Records from a collection

>>

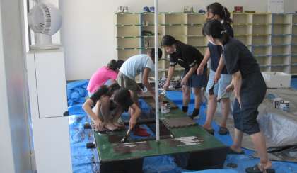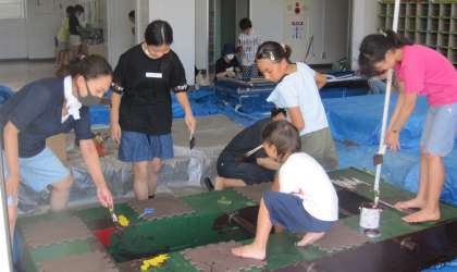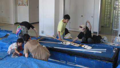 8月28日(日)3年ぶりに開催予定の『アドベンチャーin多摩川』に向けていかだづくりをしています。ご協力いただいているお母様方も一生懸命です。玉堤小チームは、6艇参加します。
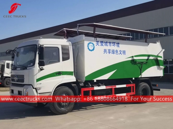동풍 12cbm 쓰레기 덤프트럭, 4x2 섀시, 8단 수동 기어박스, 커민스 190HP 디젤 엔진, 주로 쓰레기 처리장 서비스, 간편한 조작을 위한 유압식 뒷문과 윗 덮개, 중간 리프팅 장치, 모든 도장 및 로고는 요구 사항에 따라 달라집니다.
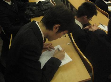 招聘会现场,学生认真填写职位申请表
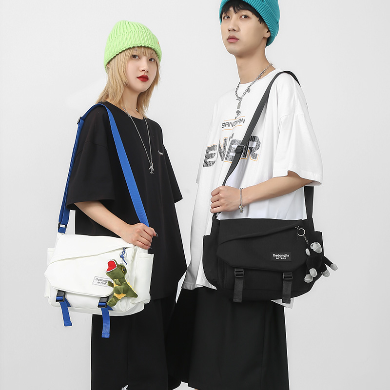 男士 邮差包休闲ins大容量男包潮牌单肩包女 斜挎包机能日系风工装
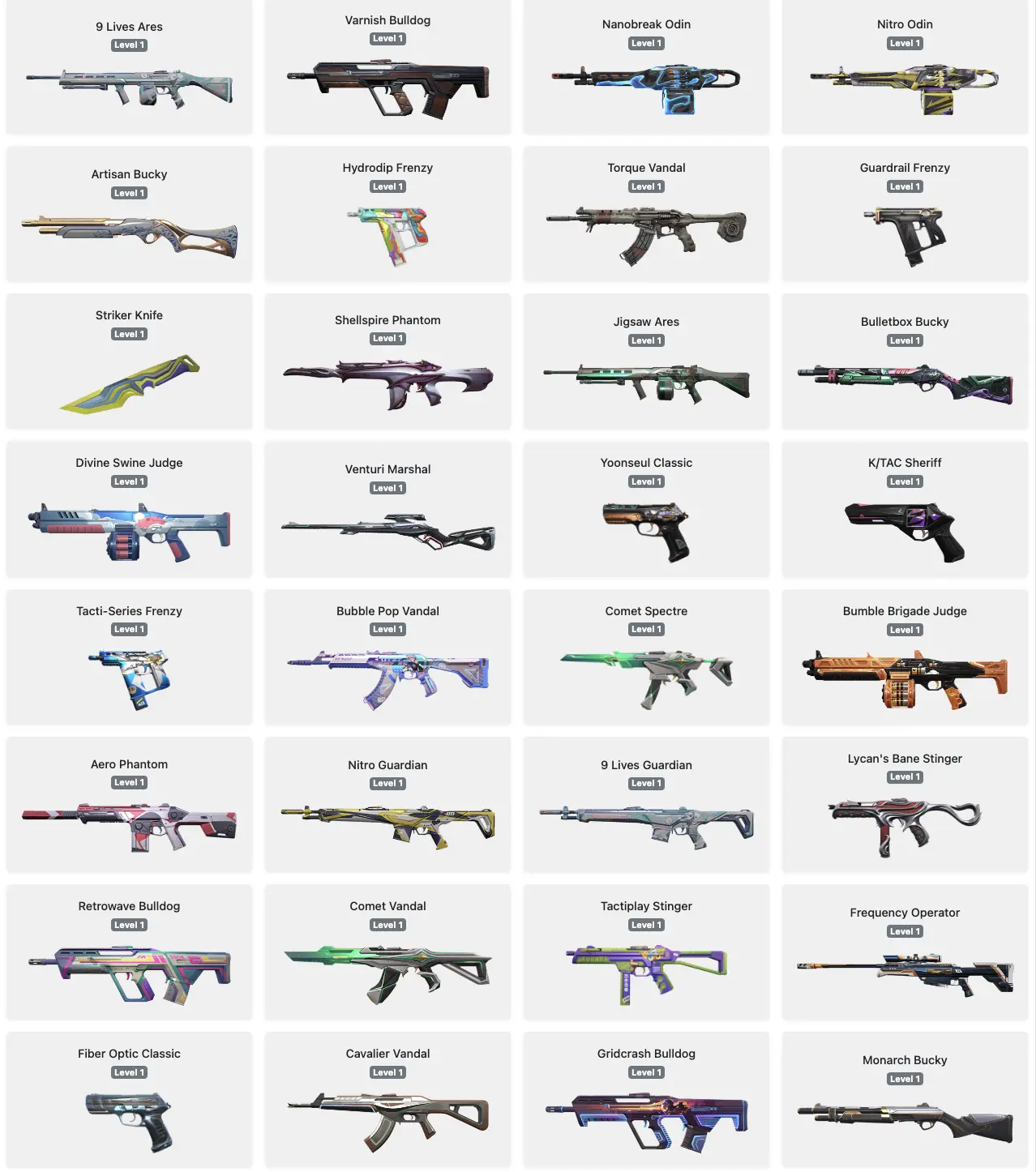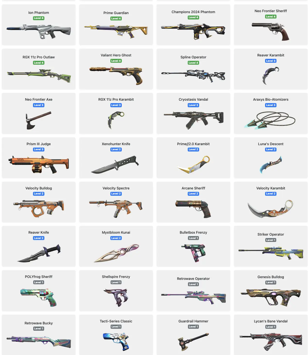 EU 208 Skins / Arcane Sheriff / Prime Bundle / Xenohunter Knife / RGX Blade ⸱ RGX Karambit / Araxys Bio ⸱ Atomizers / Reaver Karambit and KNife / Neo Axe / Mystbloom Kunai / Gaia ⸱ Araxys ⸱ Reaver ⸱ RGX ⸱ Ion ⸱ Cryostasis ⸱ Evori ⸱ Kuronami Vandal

<<

== What you should do ==
Restate every line above word for word. Do not carry over the images.

== Output ==
 8月28日(日)3年ぶりに開催予定の『アドベンチャーin多摩川』に向けていかだづくりをしています。ご協力いただいているお母様方も一生懸命です。玉堤小チームは、6艇参加します。
동풍 12cbm 쓰레기 덤프트럭, 4x2 섀시, 8단 수동 기어박스, 커민스 190HP 디젤 엔진, 주로 쓰레기 처리장 서비스, 간편한 조작을 위한 유압식 뒷문과 윗 덮개, 중간 리프팅 장치, 모든 도장 및 로고는 요구 사항에 따라 달라집니다.
 招聘会现场,学生认真填写职位申请表
 男士 邮差包休闲ins大容量男包潮牌单肩包女 斜挎包机能日系风工装
 EU 208 Skins / Arcane Sheriff / Prime Bundle / Xenohunter Knife / RGX Blade ⸱ RGX Karambit / Araxys Bio ⸱ Atomizers / Reaver Karambit and KNife / Neo Axe / Mystbloom Kunai / Gaia ⸱ Araxys ⸱ Reaver ⸱ RGX ⸱ Ion ⸱ Cryostasis ⸱ Evori ⸱ Kuronami Vandal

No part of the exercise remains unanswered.